▶ **Task to complete**
Every entry in the data is to be written out exactly; no picture belongs in the copy.

▶ **Given data**
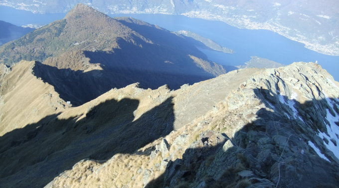 Tourenbeginn um 06:50 (heute umgestellter Winterzeit) Uhr bei 6°C. Im Gipfelbereich kalter Nordwind. Alles war schneefrei. Lediglich die Nordseite war im oberen Bereich nur leicht überzuckert. Höher als auf diesen Berg geht es am Comer See nicht mehr.
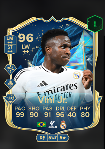 Vinícius José de Oliveira Júnior's Team of the Season card is a formidable addition to any squad, especially for those looking to dominate the left wing position. With an impressive overall rating of 96, this card showcases Vinícius Júnior's exceptional skills and attributes that make him a standout player on the field. His pace rating of 99 ensures he can outrun any defender, while his dribbling rating of 96 allows him to maneuver through tight spaces with ease. Coupled with his shooting rating of 90 and passing rating of 91, Vinícius Júnior is not only a threat in front of goal but also a key playmaker who can create scoring opportunities for his teammates. Although his defense rating is 40, his physicality rating of 80 provides enough strength to hold off challenges and maintain possession. As a sharp attacking winger, Vinícius Júnior can swiftly dismantle opposing defenses, seize scoring chances, and potentially secure victory in crucial matches.
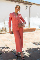 Conjunto compuesto por chaqueta manga larga, cruzada y pantalon alto, cintua, bolsillos laterales. En color coral.
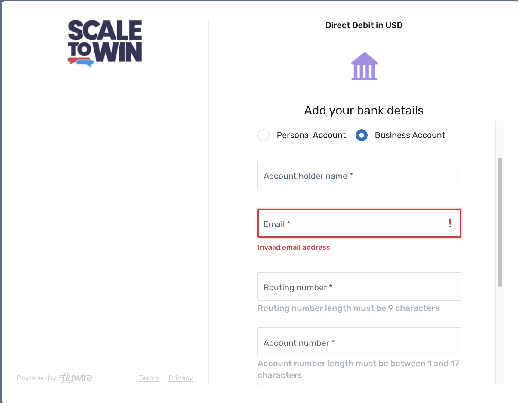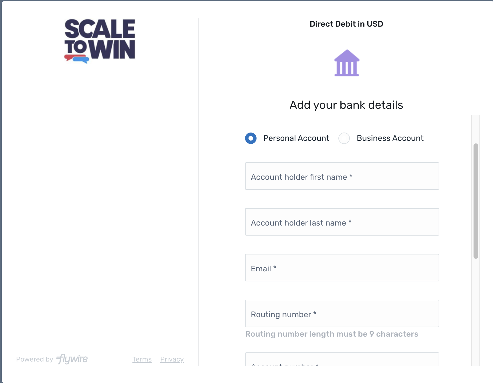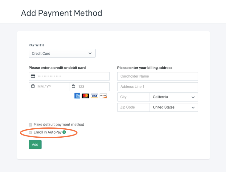 This will prompt you to “Add Payment Method” once again. You cannot select an existing payment method to enroll in AutoPay. You must re-enter it and make sure to check the box for “Enroll in AutoPay”. Please be aware that this option will only be available if we have enabled AutoPay for your account. Again, feel free to send an email to billing@scaletowin.com if you do not see this option and would like it turned on.
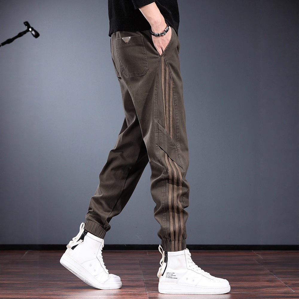 咖啡色宽松束脚休闲裤男秋季美式复古侧边条纹松紧腰工装哈伦裤潮

▶ **Expected answer**
 Tourenbeginn um 06:50 (heute umgestellter Winterzeit) Uhr bei 6°C. Im Gipfelbereich kalter Nordwind. Alles war schneefrei. Lediglich die Nordseite war im oberen Bereich nur leicht überzuckert. Höher als auf diesen Berg geht es am Comer See nicht mehr.
 Vinícius José de Oliveira Júnior's Team of the Season card is a formidable addition to any squad, especially for those looking to dominate the left wing position. With an impressive overall rating of 96, this card showcases Vinícius Júnior's exceptional skills and attributes that make him a standout player on the field. His pace rating of 99 ensures he can outrun any defender, while his dribbling rating of 96 allows him to maneuver through tight spaces with ease. Coupled with his shooting rating of 90 and passing rating of 91, Vinícius Júnior is not only a threat in front of goal but also a key playmaker who can create scoring opportunities for his teammates. Although his defense rating is 40, his physicality rating of 80 provides enough strength to hold off challenges and maintain possession. As a sharp attacking winger, Vinícius Júnior can swiftly dismantle opposing defenses, seize scoring chances, and potentially secure victory in crucial matches.
 Conjunto compuesto por chaqueta manga larga, cruzada y pantalon alto, cintua, bolsillos laterales. En color coral.
 This will prompt you to “Add Payment Method” once again. You cannot select an existing payment method to enroll in AutoPay. You must re-enter it and make sure to check the box for “Enroll in AutoPay”. Please be aware that this option will only be available if we have enabled AutoPay for your account. Again, feel free to send an email to billing@scaletowin.com if you do not see this option and would like it turned on.
 咖啡色宽松束脚休闲裤男秋季美式复古侧边条纹松紧腰工装哈伦裤潮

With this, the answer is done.